The problem: Set every record down verbatim and omit the pictures.

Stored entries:
##########

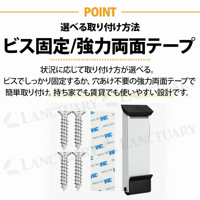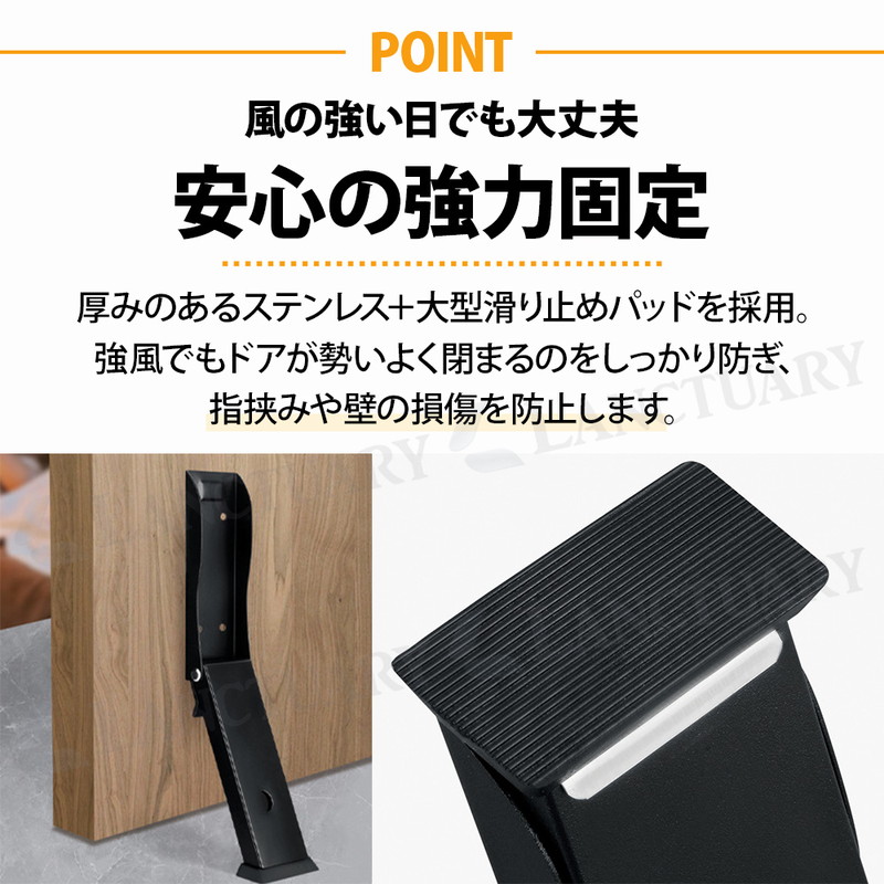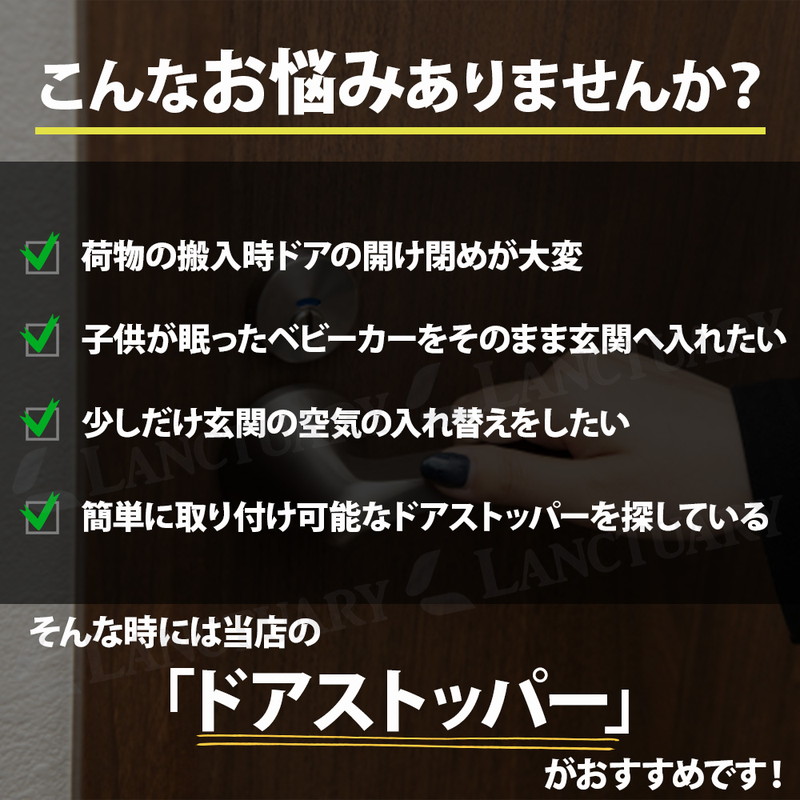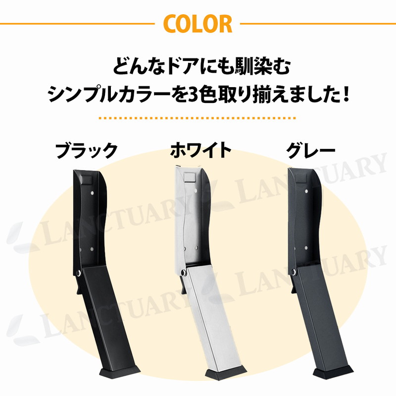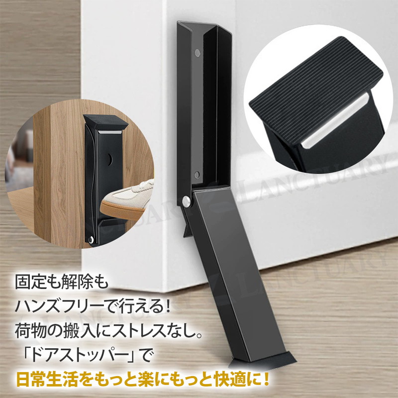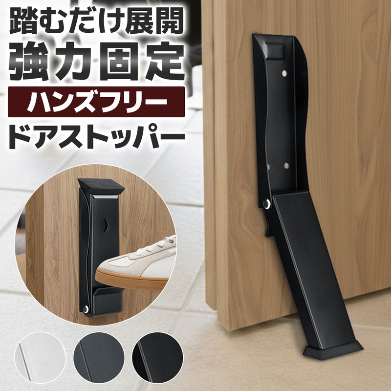 | 荷物の搬入時にとっても便利でストレスなし! 玄関での日常のあれこれをより楽に快適に! あると便利なドアストッパーが登場しました! この商品は厚みのあるステンレスと幅広の滑り止めパッドを採用し安心の固定力を発揮するドアストッパー。 強力固定で強風でもドアが勢いよく閉まるのを防ぎます。 指挟みや壁の損傷をしっかり防止◎ お買い物をたくさんした時やベビーカーの出し入れ時、荷物の受け取り時、手を怪我している時などにとっても便利です。 ロックや解除は足一つででき、かがむことなく下部ペダルを踏むだけ。 両手が塞がっている時などでもハンズフリーで対応でき簡単にドアのロックや解除ができます。 取り付け方法は2つあり、ビス固定と穴あけなしの強力な両面テープです。 賃貸、持ち家、環境に合わせて使用可能です。 底面には幅広のゴムパッドを採用しフローリングやタイルなどを傷つけず、床を保護しながら使用できます。 ストッパーは折りたたみ式で使用しない時は上に軽く押すだけでコンパクトに収納できます。 省スペースに使用できるのも嬉しいポイント! どんなドアにも合うシンプルな3カラーをご用意しました。 ドアストッパー、この機会にお試しください! |
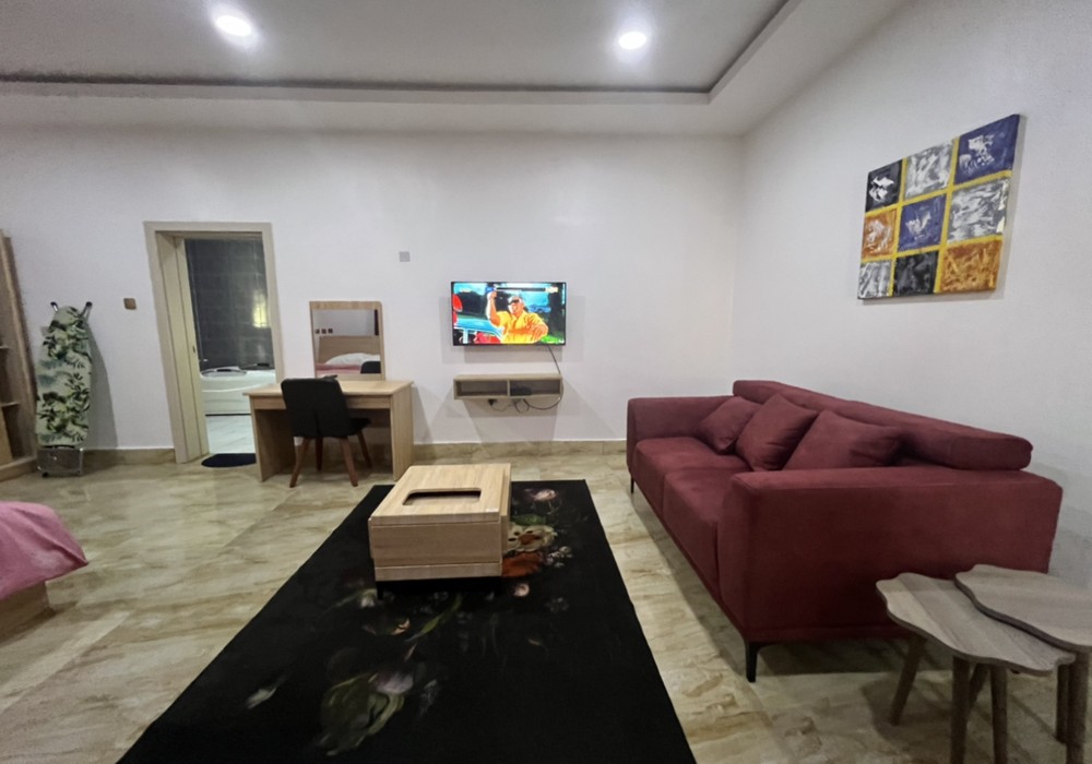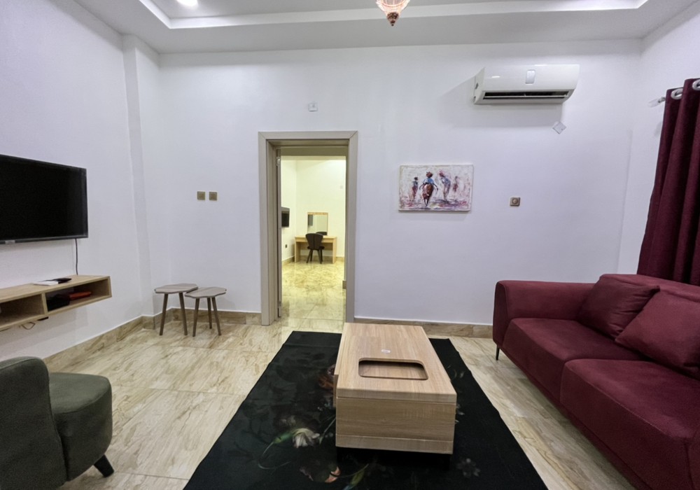 Centrally located in a clean & Quite street, a walk distance to supermarket/ pharmacies and 7mins drive to jabi lake mall (that has cinemas, eateries, shoprite, game etc)
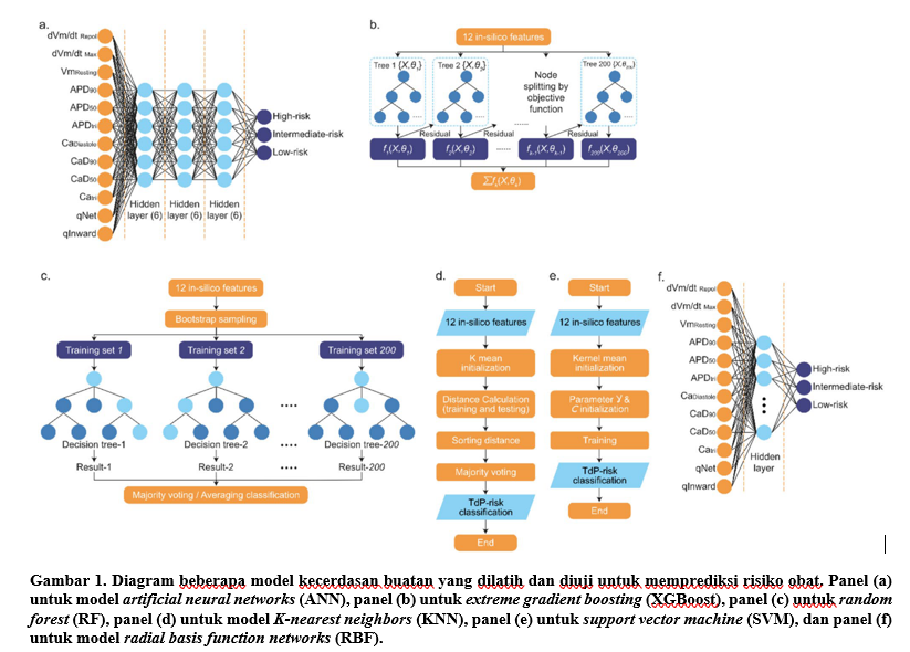 Dalam studi kami, berbagai model kecerdasan buatan diuji untuk memprediksi risiko obat jantung, termasuk ANN, Random Forest (RF), Extreme Gradient Boosting (XGBoost), K-Nearest Neighbors (KNN), Radial Basis Function Networks (RBF), dan Support Vector Machine (SVM). Semua model ini dilatih dan diuji menggunakan 28 obat standar CiPA untuk memprediksi risiko aritmia. Untuk memahami bagaimana masing-masing model bekerja, kami menerapkan metode SHAP untuk menganalisis kontribusi setiap biomarker terhadap performa model. Dari total 14 biomarker yang digunakan, kami melakukan seleksi berdasarkan nilai SHAP untuk menentukan biomarker yang paling berpengaruh terhadap performa prediksi.
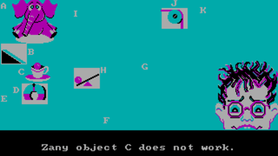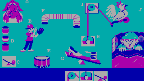 Similar in concept to the later (and better known) Incredible Machine series, Creative Contraptions is all about creating silly machines from wacky parts to accomplish even wackier tasks. The puzzles consist of Rube Goldberg contraptions with wrong or missing parts, and the player must figure out the correct replacements - from basic devices such as pulleys and ramps to absurd objects like elephants, cannons and boxing gloves. Three game modes are available: in the first, you pick a goal for your contraption, and your job is to fill in the basic mechanisms; the second puts you in charge of the "Zany Objects". The real challenge lies in third mode (Contraption Mix-Up), which takes you through a sequence of puzzles, complete with a time limit and a scoring system - the fewer mistakes you make, the more points you earn. Each sub-game can be played in two difficulty levels, and there's also a tutorial which explains (and demonstrates) how the basic mechanisms work.
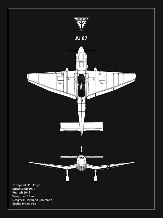 BP Junkers JU87 Black White Modern Wood Framed Art Print with Double Matting by Rogan, Mark
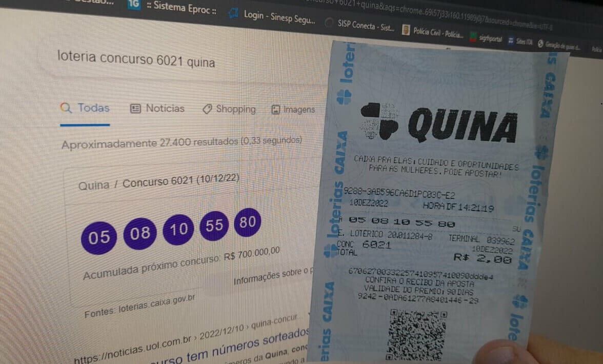 Também foram achados falsos bilhetes premiados de loteria, utilizados por criminosos em golpes na rua. Havia ainda no local bobinas de papel térmico e uma impressora própria para fabricá-los.

##########

Result:
 | 荷物の搬入時にとっても便利でストレスなし! 玄関での日常のあれこれをより楽に快適に! あると便利なドアストッパーが登場しました! この商品は厚みのあるステンレスと幅広の滑り止めパッドを採用し安心の固定力を発揮するドアストッパー。 強力固定で強風でもドアが勢いよく閉まるのを防ぎます。 指挟みや壁の損傷をしっかり防止◎ お買い物をたくさんした時やベビーカーの出し入れ時、荷物の受け取り時、手を怪我している時などにとっても便利です。 ロックや解除は足一つででき、かがむことなく下部ペダルを踏むだけ。 両手が塞がっている時などでもハンズフリーで対応でき簡単にドアのロックや解除ができます。 取り付け方法は2つあり、ビス固定と穴あけなしの強力な両面テープです。 賃貸、持ち家、環境に合わせて使用可能です。 底面には幅広のゴムパッドを採用しフローリングやタイルなどを傷つけず、床を保護しながら使用できます。 ストッパーは折りたたみ式で使用しない時は上に軽く押すだけでコンパクトに収納できます。 省スペースに使用できるのも嬉しいポイント! どんなドアにも合うシンプルな3カラーをご用意しました。 ドアストッパー、この機会にお試しください! |
 Centrally located in a clean & Quite street, a walk distance to supermarket/ pharmacies and 7mins drive to jabi lake mall (that has cinemas, eateries, shoprite, game etc)
 Dalam studi kami, berbagai model kecerdasan buatan diuji untuk memprediksi risiko obat jantung, termasuk ANN, Random Forest (RF), Extreme Gradient Boosting (XGBoost), K-Nearest Neighbors (KNN), Radial Basis Function Networks (RBF), dan Support Vector Machine (SVM). Semua model ini dilatih dan diuji menggunakan 28 obat standar CiPA untuk memprediksi risiko aritmia. Untuk memahami bagaimana masing-masing model bekerja, kami menerapkan metode SHAP untuk menganalisis kontribusi setiap biomarker terhadap performa model. Dari total 14 biomarker yang digunakan, kami melakukan seleksi berdasarkan nilai SHAP untuk menentukan biomarker yang paling berpengaruh terhadap performa prediksi.
 Similar in concept to the later (and better known) Incredible Machine series, Creative Contraptions is all about creating silly machines from wacky parts to accomplish even wackier tasks. The puzzles consist of Rube Goldberg contraptions with wrong or missing parts, and the player must figure out the correct replacements - from basic devices such as pulleys and ramps to absurd objects like elephants, cannons and boxing gloves. Three game modes are available: in the first, you pick a goal for your contraption, and your job is to fill in the basic mechanisms; the second puts you in charge of the "Zany Objects". The real challenge lies in third mode (Contraption Mix-Up), which takes you through a sequence of puzzles, complete with a time limit and a scoring system - the fewer mistakes you make, the more points you earn. Each sub-game can be played in two difficulty levels, and there's also a tutorial which explains (and demonstrates) how the basic mechanisms work.
 BP Junkers JU87 Black White Modern Wood Framed Art Print with Double Matting by Rogan, Mark
 Também foram achados falsos bilhetes premiados de loteria, utilizados por criminosos em golpes na rua. Havia ainda no local bobinas de papel térmico e uma impressora própria para fabricá-los.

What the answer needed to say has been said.